Propriedade Descrição
ISBN: 9789897826450
Editor: 5livros
Data de Lançamento: Janeiro de 2023
Idioma: Português
Dimensões: 159 x 234 x 10 mm
Encadernação: Capa mole
Páginas: 178
Tipo de produto: Livro
Classificação Temática: Livros em Português > Política > Política em Geral
EAN: 9789897826450

SOBRE O AUTOR

Manuel António Cepas Rebelo

Nascido em Castanheira de Pera em 1977, descende de três gerações de operários têxteis. Herdou o nome, Manuel Rebelo, do bisavô e do avô, ambos tecelões – o primeiro, foi um dos presos políticos de 1949 quando, clandestinamente, se lutava nas fábricas por melhores condições laborais. Do pai, Urbano Rebelo, confessa a profunda admiração pelo homem inteligente, integro e trabalhador – o último mestre da Fábrica da Retorta onde, pela universidade da vida, começou a trabalhar aos 12 anos e se formou no serralheiro mecânico e no respeitado chefe de produção. Intensamente, o autor vivenciou na juventude o drama social dos salários em atraso, do desemprego e do êxodo migratório, em resultado do declínio dos têxteis e da falência da indústria local dos lanifícios.
Trabalhou como bancário no ramo prestamista em Lisboa, mudou-se em 2014 para Braga, sempre manteve a residência e domicílio fiscal em Castanheira de Pera – sem nunca ter cortado o cordão umbilical dos fortes laços que o ligam à família e à sua terra natal.
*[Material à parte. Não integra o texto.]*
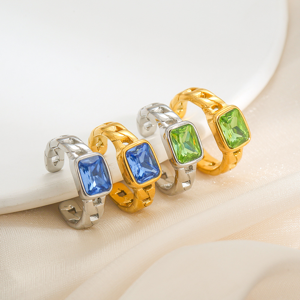 Adjustable Opening Green Blue Sugar New French Style Color-free Titanium Steel Ring Women's Ring Niche Small Jewelry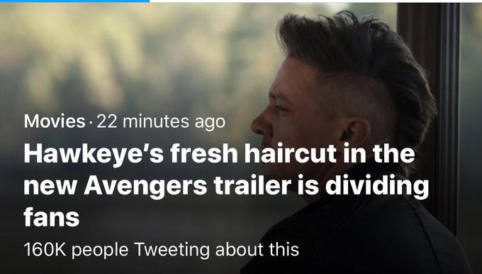 Endgame hero we deserve By Reid McCarter Published March 14 2019 Comments 46 Jeremy Renners. And like Bruce Banner youre not really supposed to notice it in. Endgame Haircut refers to a series of jokes reactions and memes about the character Hawkeyes mohawk-style haircut as shown in.

Em 2017, o fogo voltou a rodear o casario, como em 1985 fez arder a capela da aldeia, mas desta vez o inferno, expondo a fragilidade da vida diante da liminaridade da morte, teria dimensões trágicas sem precedentes, de que se ocupa este livro no testemunho na primeira pessoa.
Estudante na Universidade de Coimbra, da alma mater foi adquirindo a perspicácia do olhar antropológico e o senso crítico que perpassa a obra. Interessado pelos assuntos da salvaguarda do património cultural, natural e paisagístico e pela relevância do registo histórico das memórias, é recém pós-graduado em Património Cultural Imaterial pela Universidade Lusófona.